■ What to do ■
The data below contains pictures, which are to be skipped; the lines starting at the line with "Harnais constitué de" and ending at the line with "I built and" are to be output exactly, both ends included.

■ Dataset ■

____________________

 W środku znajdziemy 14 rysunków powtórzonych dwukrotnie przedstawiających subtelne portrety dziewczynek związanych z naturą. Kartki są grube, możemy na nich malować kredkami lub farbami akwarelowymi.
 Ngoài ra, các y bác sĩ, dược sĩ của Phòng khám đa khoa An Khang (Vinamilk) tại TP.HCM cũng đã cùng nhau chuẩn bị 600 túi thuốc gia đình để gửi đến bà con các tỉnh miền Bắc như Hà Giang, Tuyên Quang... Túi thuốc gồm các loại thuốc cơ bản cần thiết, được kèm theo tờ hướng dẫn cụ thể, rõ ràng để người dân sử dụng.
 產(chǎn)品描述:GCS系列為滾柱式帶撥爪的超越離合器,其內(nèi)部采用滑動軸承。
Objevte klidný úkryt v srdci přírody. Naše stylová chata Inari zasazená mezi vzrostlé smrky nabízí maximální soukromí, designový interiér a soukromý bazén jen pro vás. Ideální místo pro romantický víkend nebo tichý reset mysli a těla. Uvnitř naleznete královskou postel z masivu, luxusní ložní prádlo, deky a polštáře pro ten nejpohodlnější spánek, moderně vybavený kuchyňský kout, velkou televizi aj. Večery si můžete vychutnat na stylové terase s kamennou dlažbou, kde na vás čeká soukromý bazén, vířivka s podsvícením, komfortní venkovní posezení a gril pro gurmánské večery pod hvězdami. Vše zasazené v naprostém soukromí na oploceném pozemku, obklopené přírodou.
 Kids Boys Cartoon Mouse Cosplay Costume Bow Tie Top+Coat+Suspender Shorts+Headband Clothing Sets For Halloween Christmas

____________________

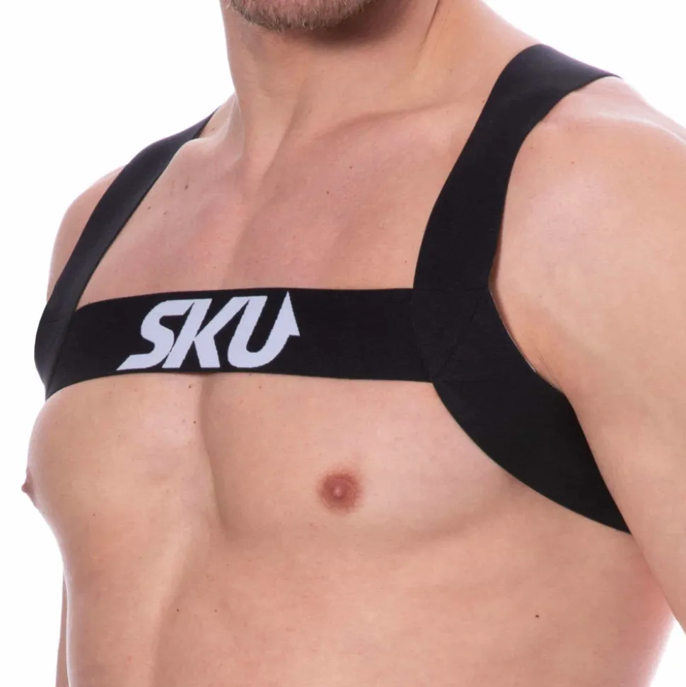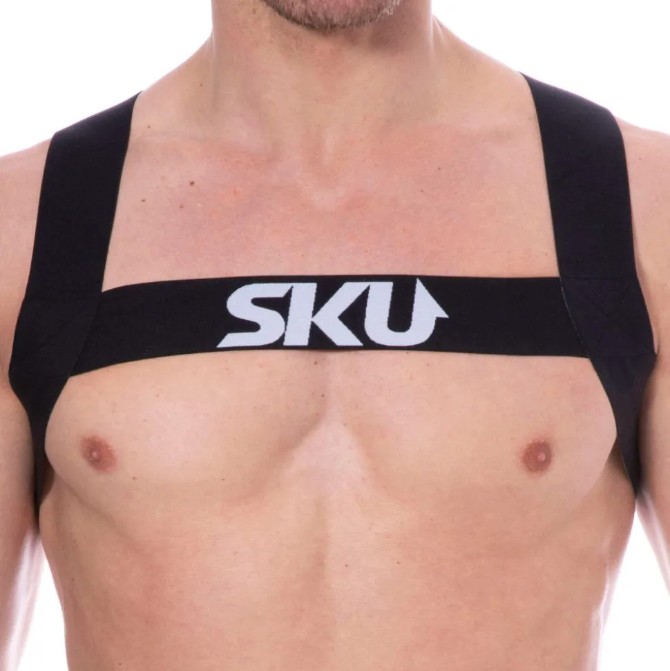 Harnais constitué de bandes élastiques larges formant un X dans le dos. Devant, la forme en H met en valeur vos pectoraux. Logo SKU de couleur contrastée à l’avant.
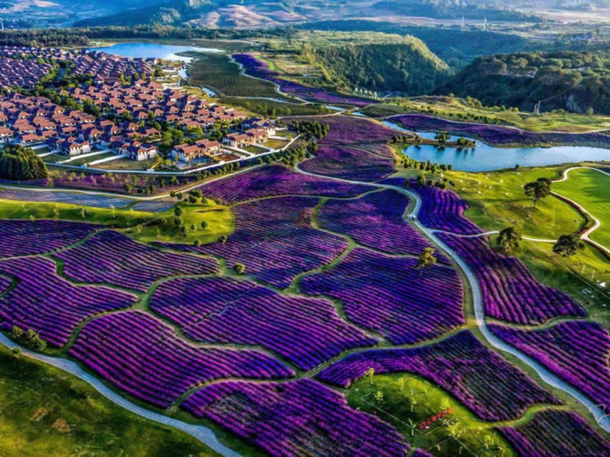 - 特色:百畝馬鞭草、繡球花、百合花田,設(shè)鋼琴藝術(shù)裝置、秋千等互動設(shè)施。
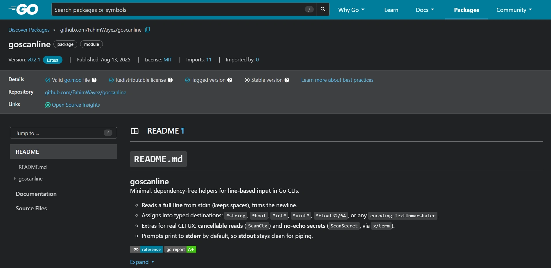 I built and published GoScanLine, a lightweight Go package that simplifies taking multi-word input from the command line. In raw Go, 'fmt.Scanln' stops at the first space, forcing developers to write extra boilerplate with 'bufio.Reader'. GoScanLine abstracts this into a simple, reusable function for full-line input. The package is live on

____________________

■ Response to the task ■
 Harnais constitué de bandes élastiques larges formant un X dans le dos. Devant, la forme en H met en valeur vos pectoraux. Logo SKU de couleur contrastée à l’avant.
 - 特色:百畝馬鞭草、繡球花、百合花田,設(shè)鋼琴藝術(shù)裝置、秋千等互動設(shè)施。
 I built and published GoScanLine, a lightweight Go package that simplifies taking multi-word input from the command line. In raw Go, 'fmt.Scanln' stops at the first space, forcing developers to write extra boilerplate with 'bufio.Reader'. GoScanLine abstracts this into a simple, reusable function for full-line input. The package is live on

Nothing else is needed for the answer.